Trilobites and other arthropods have rows of dorsal exoskeletal plates on their back and undersides. The plates on the back, called tergites, are reinforced and much larger than the plates on the undersides. The sternites are a row of rigid plates along the underside and are softer and more prone to decay, so are rarely seen in the fossil record. The Walcott-Rust fossils, however, had preserved ventral structures including the sternites and limbs.
Though on the softer side, the sternites are too long and rigid for the animal to enroll if they cannot flex or articulate. To get around this, the sternites actually slide past each other in a dipping motion, similar to window blinds, which allows their body to scrunch up into a ball. Trilobite legs have also adapted to allow for this movement by evolving into a wedge shape that can fit together like pizza slices inside the enrolled ball.
“Because the part of the leg that attaches to the body is rarely seen, and certainly not in 3D, people frequently represented it as oval or squarish in cross-section,” Losso said, “but oval or square legs would not allow for the flexibility needed for full enrollment.”
Losso compared the Walcott-Rust fossils to CT scans of modern arthropods of millipedes, isopods, and horseshoe crabs, which were also housed in the MCZ collections. Losso found that modern arthropods used the same movement of sternites as we see in trilobites to enroll their bodies. Trilobites have been found throughout the Paleozoic Era. The adaptation to enroll allowed them to thrive, and they evolved structures to aid in enrollment such as the correct proportions and number of segments in the ventral to keep the body enrolled and wedge-shaped legs.
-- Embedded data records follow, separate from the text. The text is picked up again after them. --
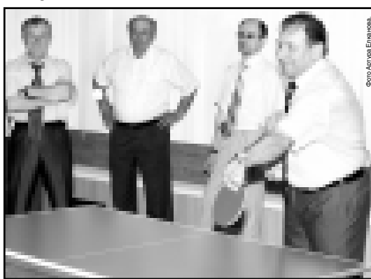
Новые столы поправились министру спорта и туризма Аслану Адаунову.

В Доме культуры села Нижняя Жемтала открыт зал настольного тенниса. В церемонии принял участие министр спорта и туризма КБР Аслан Адаунов и глава администрации Черекского района Махти Темиржанов.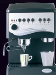
COFFEE & WATER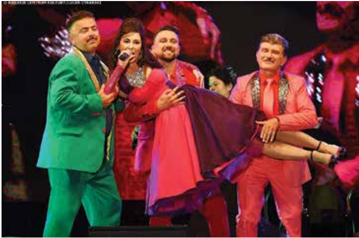
Koncert Viva Italia!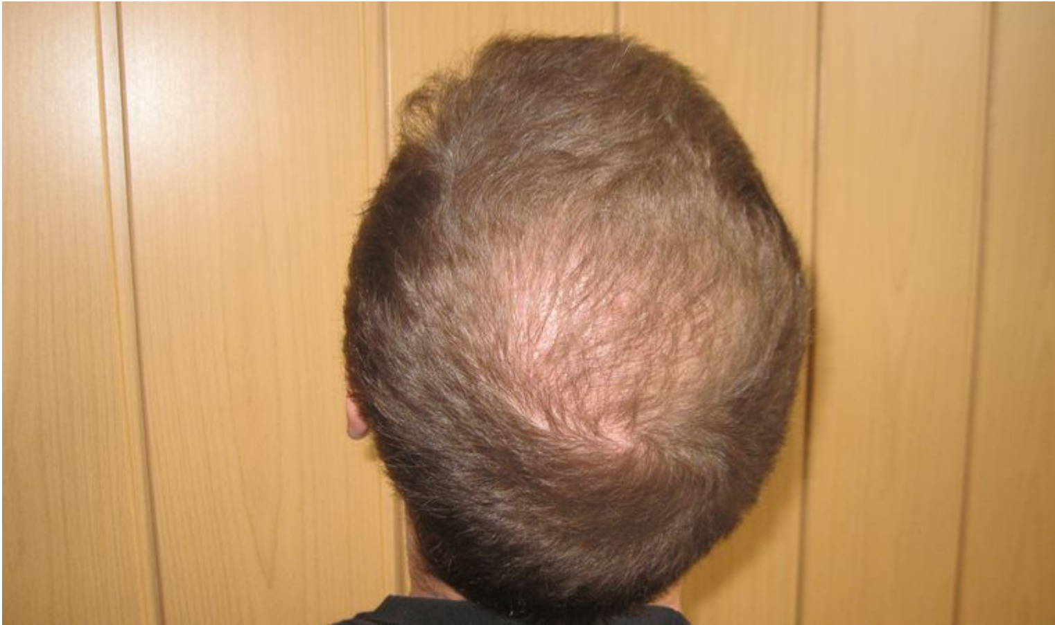
5) 6_monate_donor.JPG , downloaded 688 times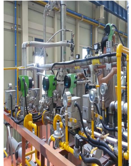
한국기계연구원 천안 LNG 50A(2), 65A(2), 80A, 100A, 125A, 150A ~ 8EA FN질량유량계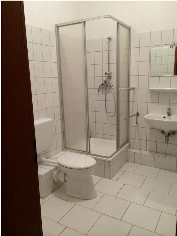
Bad WE EG Mitte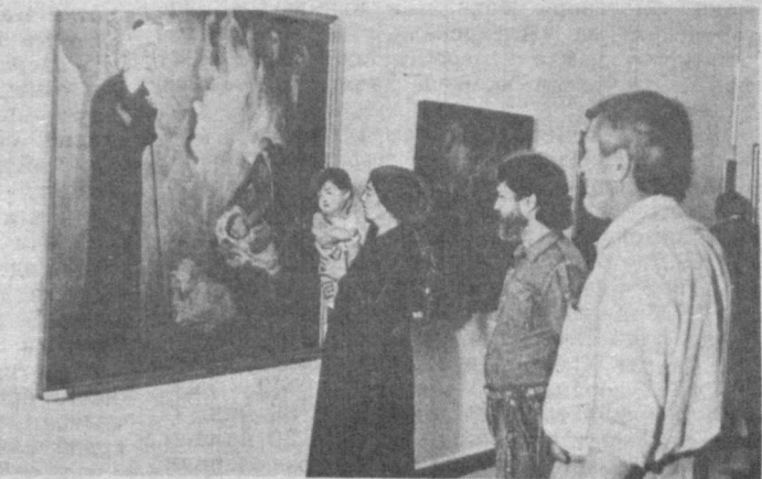
Кунга кеча шеърий мулкнинг султони Алишер Навоий туғилган кунининг 550 йиллиги муносабати билан жумҳурият мусаввирлар уюшмасининг кўргазмалар залида бобокалонимиз ижоди ва ҳаёти ҳақида ҳикоя қилувчи ўзбекистонлик мўйқалам усталари асарлари кўргазмаси очилди. Суратда: маросимдан лавҳалар.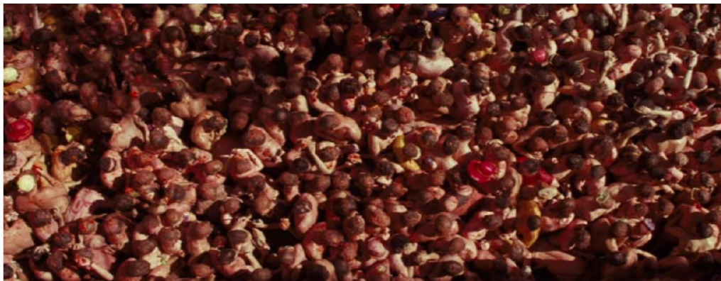
Slika 3.,4.Screenshot filma We need to talk about Kevin (2011.), Eve na festivalu (glumica Tilda Swinton)

Crvena boja je simbolična okosnica radnje, predstavlja krv, krvoproliće u Kevinovoj školi i obitelji te želi pronaći odgovore o Kevinovoj apatiji, okrutnosti. Crvena boja otvara vrata priče, prva scena, Buñol, Valencija, Španjolska, La Tomatina festival 2 : Eve, kasnije majka, sada putopisac, prisjeća se veselog festivala gdje se adrenalinom opijena kolona mladih ljudi gađa rajčicom. To je ujedno jedna od posljednjih scena u kojoj je sretna. U preostalim scenama filma crvena će biti dominantni estetski akcent i alarmni nagovještaj krvoprolića u završnici. Dematerijalizacijom predmeta (rajčica) gubi se prepoznatljivost, indeks voća, u oblinosti i jarkosti krupnih planova, u prvim scenama filma uspostavlja se ton i atmosfera događaja ubistva koji dolaze. Odabirom kadrova i crvene boje, vizualno se povezuje gomila u Španjolskoj koja izgleda poput užasnutih članova obitelji i prijatelja koji čekaju u neizvjesnosti života voljenih ispred srednje škole, u kojoj će Kevin slavljenički ubijati svoje vršnjake.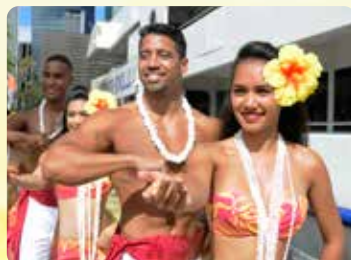
ピアサイド ウェルカムフラ 美しいフラダンサー達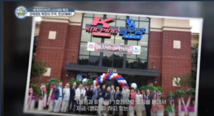
▲ 성공사례 2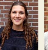
Reina Mol Groep 6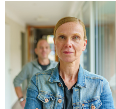
Stand: 7.6.2022, Entwurf: DW-Region-Kassel; Miriam Abele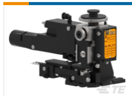
TE 产品编号2836081-2 OCEAN-2.0-APPLICATOR-S-160F180O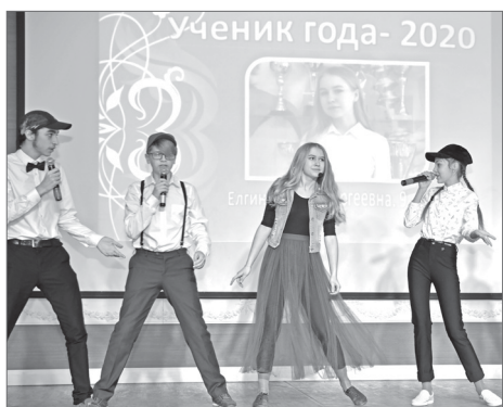
Торжество ума, трудолюбия и творчества.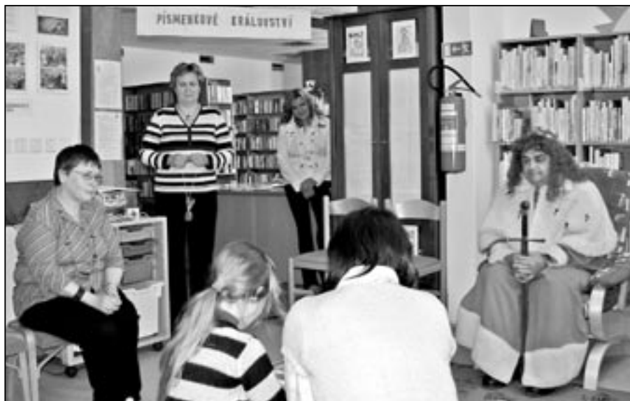
Jednou za rok se městská knihovna promění v Písmenkové království. Knihovnice a král Knihoslav zde přivítají žáky 1. tříd se svými učitelkami. Prvňáčci se pochlubí, jak pěkně se naučili číst slovíčka a jednoduché věty.

Děti mají rády komiks, Thomase Brezina, fantasy literaturu, Deník malého poseroutky. U dospělých je to Nora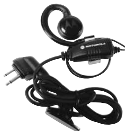
RLN6423 – Fones de ouvido giratórios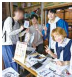
えんま市でポストカードを販売

では、日本文化の一つとして留学生や柏崎市内に住むさまざまな国の方々に向けた書道体験会を実施しました。また、えんま市ではポストカードの販売を行うなど、市内各地で幅広い活動を展開しています。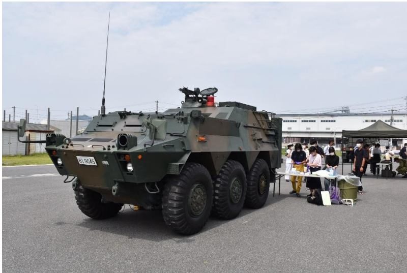
化学防護車の見学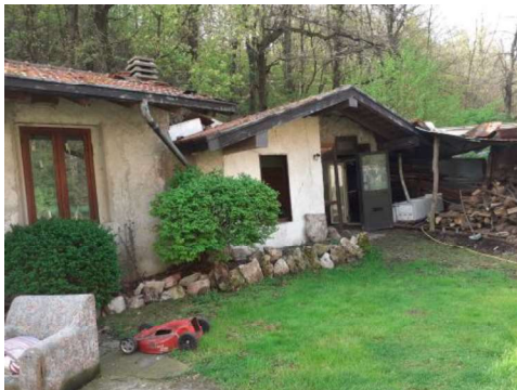
Foto accessorio adiacente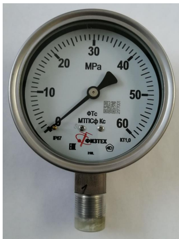
Рисунок 2 – Общий вид приборов моделей МТПСф, МВТПСф; ВТПСф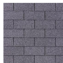
31 – Šedá břidlice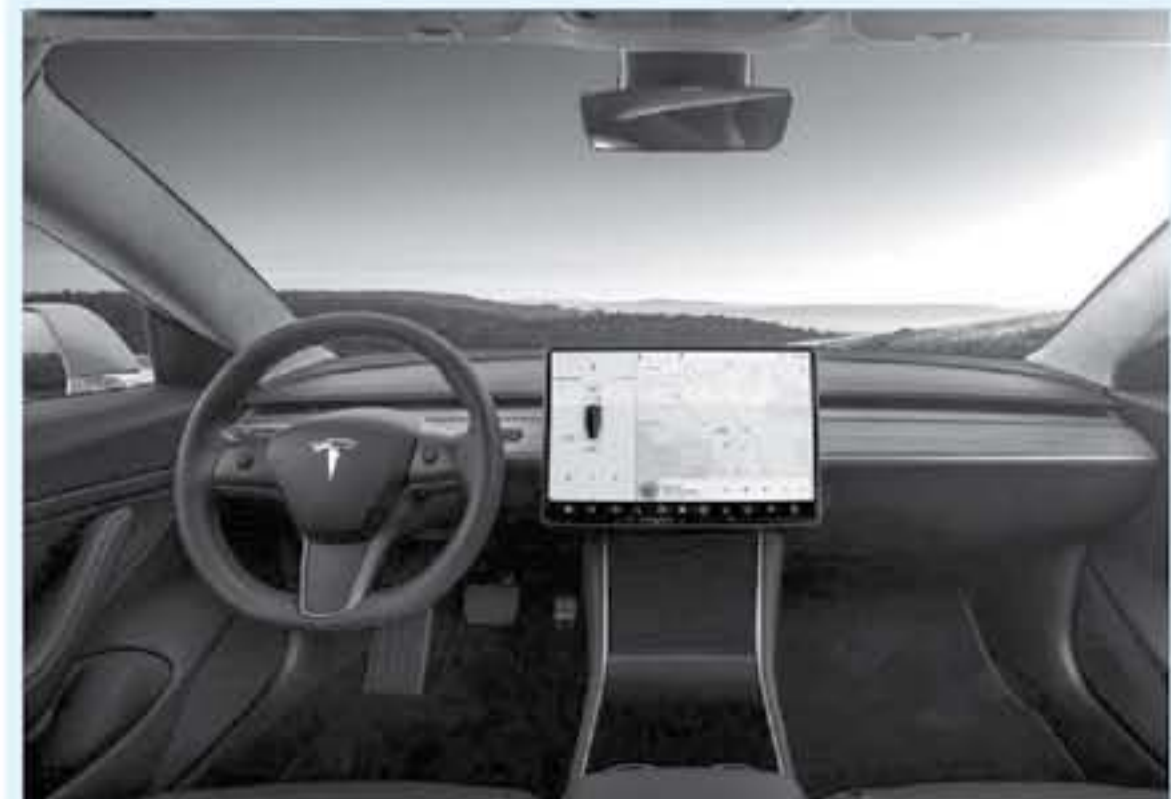
كاليفورنيا - وكالات

عملية الإنتاج رغم حجوزات التسراة الضخمة لها. حالة تتوفر معلومات رسمية عن سيارة Tesla Model Y ستزودكم بها على الفور إن شاء الله.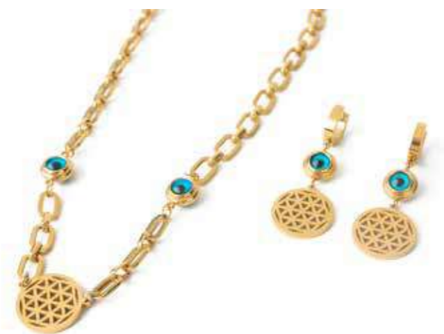
SET COLLIER ET BOUCLES D'OREILLE EN MÉTAL DORÉ NECKLACE AND EARRINGS SET IN GOLD TONE METAL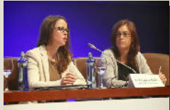
Subcomisión de Extranjería del Turno de Oficio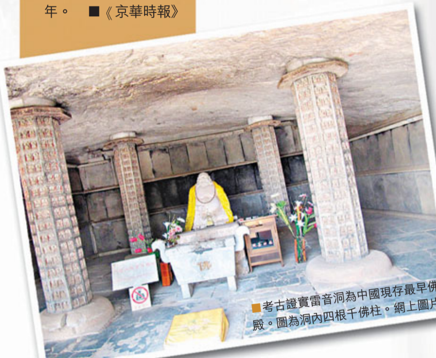
考古證實雷音洞為中國現存最早佛殿。圖為洞內四根千佛柱。

石經山雷音洞內的四根千佛柱，共雕刻佛像1,056尊，雕工精美。遺跡顯示，雷音洞的經板和四根千佛柱都是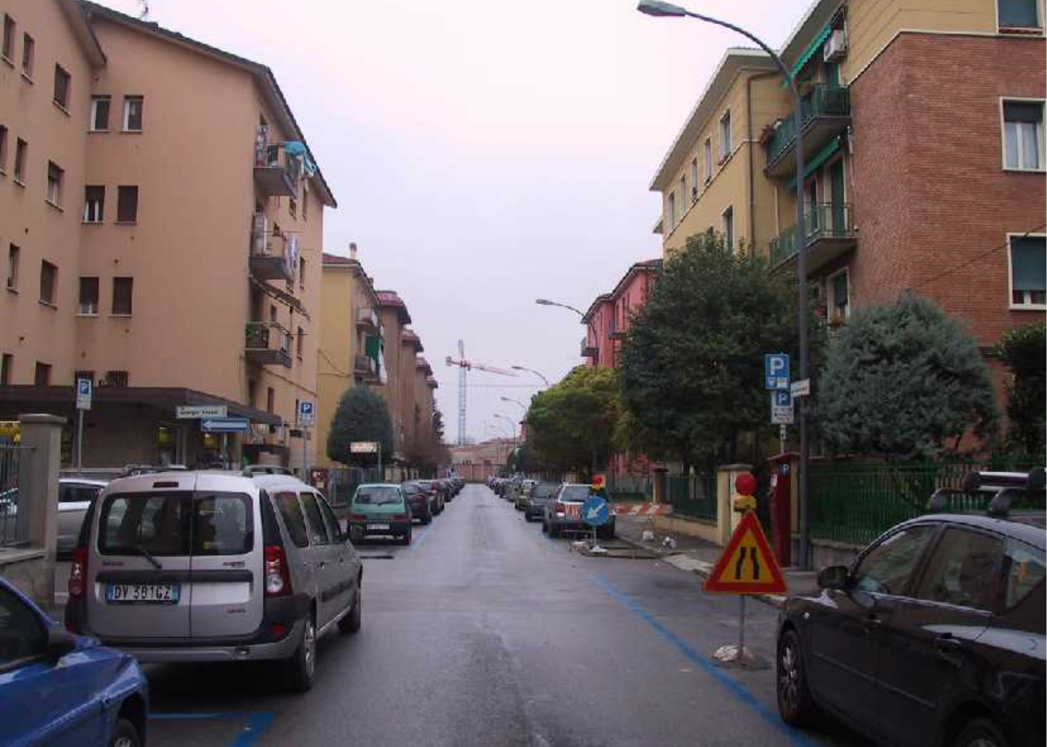
Vista da via Fornasini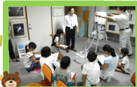
模型を使って水力発電の仕組みも学べます。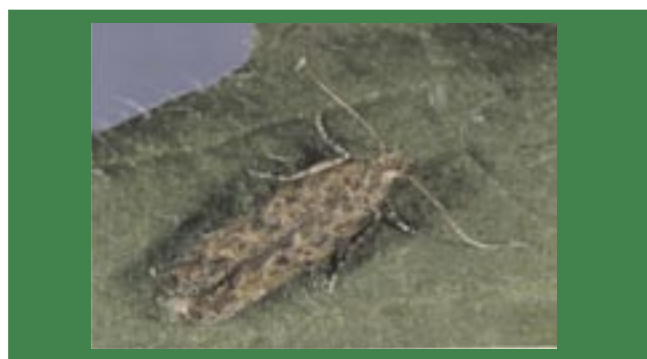
Fig.1. Adulto da traça-do-tomateiro.

O ciclo completo da traça-do-tomateiro dura de 26 a 30 dias. Os adultos são pequenas mariposas de coloração cinza-prateada, que medem cerca de 10 mm de comprimento (Figura 1). Durante o dia, os adultos escondem-se entre as folhas do tomateiro. Os adultos acasalam-se predominantemente ao amanhecer e ao entardecer. Cada fêmea pode depositar de 55 a 130 ovos durante 3 a 7 dias.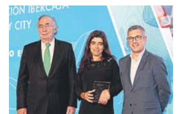
CIUDAD DE LISBOA Premio Fundación Ibercaja-Mobility City 2019 al Proyecto Europeo

Navilens ofrece una tecnología disruptiva de señalética orientada a personas con visión reducida que permite la orientación en cualquier lugar de la ciudad mediante un smartphone y un sistema de señales colocadas en distintos puntos. Funciona mediante un algoritmo basado en inteligencia artificial y visión computerizada capaz de detectar múltiples marcadores a grandes distancias en milisegundos, incluso con el dispositivo en movimiento y sin necesidad de enfocar.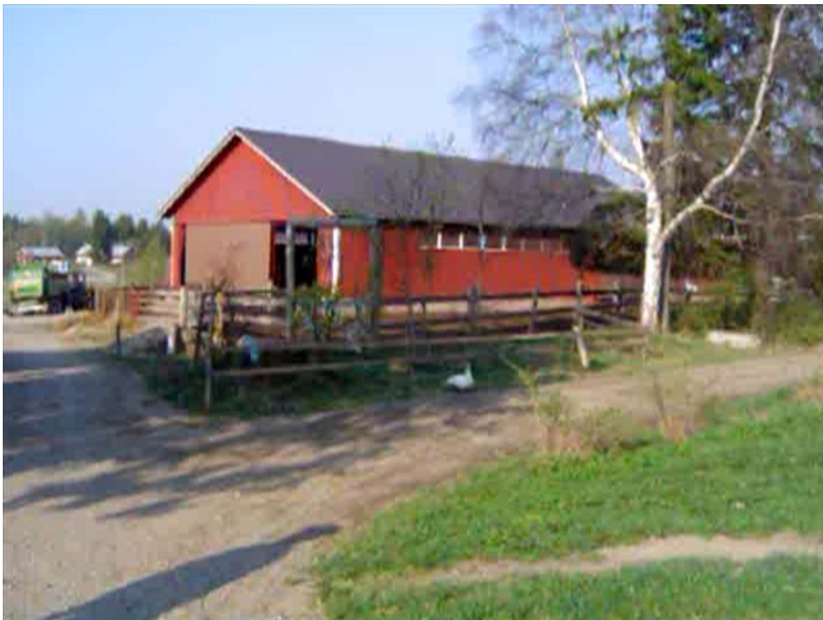
Kuva 1: Otos Väinälän takapihalta. Kaukana taustalla siintää yksi asuintaloista ja juhlasali.

Yhteyshenkilöni painottaa yhteisössä asumisen olevan elämäntapa. Hän kertoo, että maailmanlaajuisesti suurin osa yhteisön yksiköistä on aikuisille tarkoitettuja kyläyhteisöjä, ainoastaan 13 niistä on lapsille ja nuorille suunnattuja kouluyhteisöjä. Kyläyhteisöissä korostuu tasa-arvoisuus ja kouluyhteisöissä kasvatuksellisuus.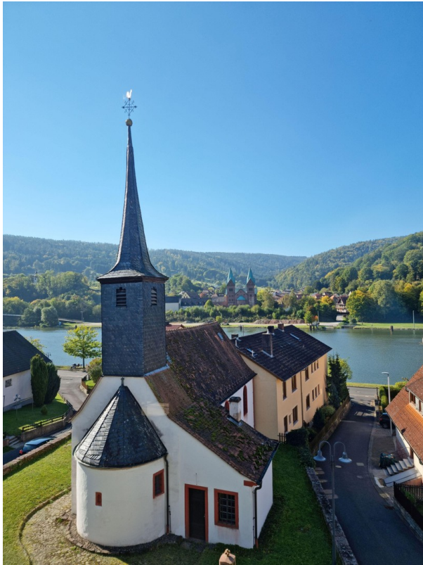
Mainblick vom Sofa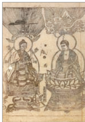
金刚般若波罗蜜经 变相图

●我们修行难在哪里？难在自私自利不肯放下，这个东西害了我们生生世世不能成就。果然把自私自利放下，起心动念想一切众生的利益，我们这一生当中可能就证得西方世界的实报庄严土，这很不可思议。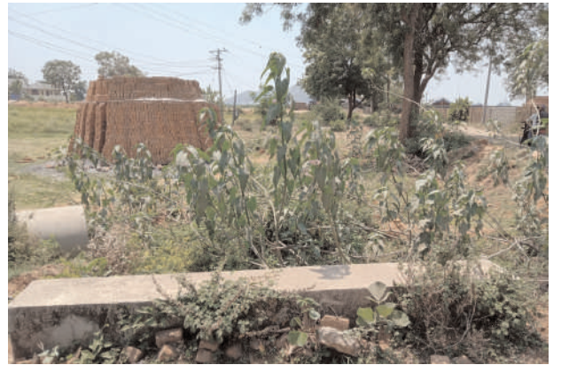
అధికారుల నిర్లక్ష్యం.. ప్రజలకు శాపం..

పట్టణంలోని కాలువలు, ప్రభుత్వ స్థలాలను అక్రమణలకు గురిచేసి లక్షల రూపాయలను దండుకుంటున్న రియల్ వ్యాపారులు మాయమాటలు చెబుతూ క్రయ విక్రయాల అసంతరం మొహం చాటేస్తున్నారు. మిషన్ కాకతీయ లాంటి గొప్ప పథకాలు ప్రభుత్వం చేపడుతున్నప్పటికీ గొలుసు కాలువలపై ప్రభుత్వం దృష్టి పెట్టక పోవడం, గొలుసు కాలువలు కబ్జాకు గురౌతున్న అధికారులు నిమ్మకు నీరేత్తినట్లు వ్యవహరిస్తున్నారన్న ఆరోపణలున్నాయి. నాలా కన్వర్షన్లు లేకుండా రియల్ ఎస్టేట్ వ్యాపారుల లాభాల కోసం వ్యవసాయ భూముల క్రయ విక్రయాలు జరుగుతున్నా అధికారులు చూసి చూడనట్లు వ్యవహరిస్తుండడం పట్ల విమర్శలు వ్యక్తమవుతున్నాయి. పచ్చని పంట పొలాలు ప్లాట్లుగా రూపాంతరం చెందిన అసంతరం కూడా సంబంధిత అధికారులు, సిబ్బంది నిర్లక్ష్యం మూలంగా అలాంటి భూములకు ఇప్పటికీ రైతు బంధు లభిస్తున్నట్లు సమాచారం. ప్లాట్లుగా మారిన వ్యవసాయ భూములను రికార్డుల్లో మార్చే విషయంలో సంబంధిత సిబ్బంది, అధికారుల అలసత్వం కారణంగా లక్షలాది రూపాయల నిధులు పక్కదారి పడుతున్నాయి. ప్రభుత్వ రికార్డుల్లో ఈ స్థలాలు ఇంకా వ్యవసాయ భూములుగానే ఉన్నప్పటికీ, సంబంధిత మున్సిపల్ టౌన్ ప్లానింగ్ విభాగం అధికారులు మాత్రం ఆయా స్థలాల్లో ఇళ్ళ నిర్మాణాల కోసం అనుమతులు జారీ చేస్తుండడం కొనమెరుపు. రియల్ ఎస్టేట్ వ్యాపారుల చేతుల్లో కబ్జాకు గురైన గొలుసు కాలువలను ఇప్పటి కైనా పునరుద్ధరించి సమస్యలను పరిష్కరించాలని సంబంధిత అధికారులను స్థానికులు కోరుతున్నారు.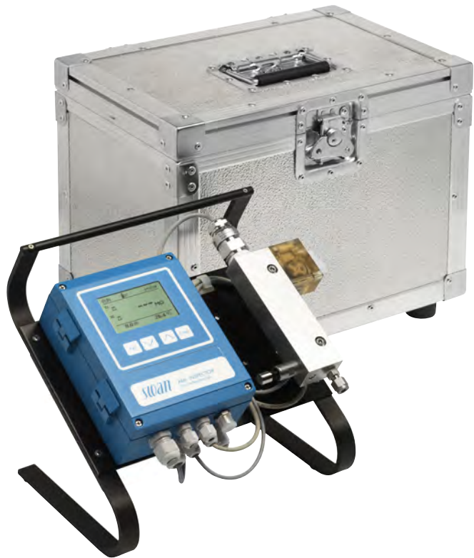
AMI INSPECTOR Scheda Tecnica nr.: vedi retro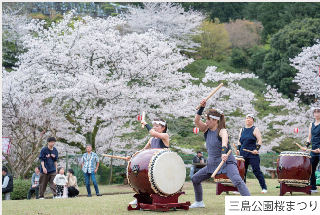
三島公園桜まつり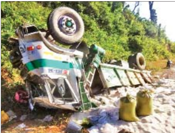
ထွေး(ခ)နိုင်ဝင်း ရွှေပြည်သာမြို့နယ် နေသူတို့သေဆုံးခဲ့ကြောင်း သိရသည်။ ဖြစ်စဉ်နှင့်ပတ်သက်၍ ၀၆မြို့နယ် ပဒါန်းနယ်မြေရဲစခန်းက အမှုဖွင့်ထားကြောင်း သိရသည်။ ဇေယျတု(မကွေး)

၀၆ နိုဝင်ဘာ ၂၆ မကွေးတိုင်းဒေသကြီး ၀၆မြို့နယ် ဂုတ်ကြီးကျေးရွာအနီး မင်းဘူး-အမ်းကားလမ်း ပေါလုကျွေတွင် ဆန်အိတ်များ တင်ဆောင်လာသည့် ကုန်တင်ယာဉ်တစ်စီး နိုဝင်ဘာ ၂၅ ရက်ည ၈ နာရီခွဲခန့်က တိုက်မောက်ခဲ့ပြီး ယာဉ်မောင်းနှင့် ယာဉ်နောက်လိုက် သေဆုံးခဲ့ကြောင်း သိရသည်။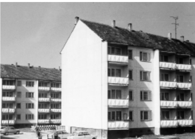
Die Karl-Liebknecht-Straße in der Klingersiedlung Ende der 70er Jahre

“The fossils have been known for a long time, but no one had put it together that we could study the ventral adaptations for enrollment using these really great fossils,” Losso said. “These fossils allowed us to compare trilobites with modern arthropods and see that there is really only one way to accomplish enrollment given the arthropod body plan. It’s a great example of convergent evolution amongst all these different lineages, and across a huge swath of time because we’re seeing this in the Ordovician and today. It’s an important strategy for survival that thrives today.”
“Sarah’s work has greatly improved our understanding of a key behavioral strategy that made trilobites incredibly successful for over 200 million years, and also brings new attention to the historical collections of Walcott-Rust fossils at the MCZ that went unstudied over 100 years,” said senior author Javier Ortega-Hernández, Assistant Professor in OEB and Curator of Invertebrate Paleontology at the MCZ. “The new data on the three-dimensional morphology of trilobites during enrollment will allow us to accurately model this complex strategy for the first time, and represent a beautiful example of convergent evolution in action across distantly related species.”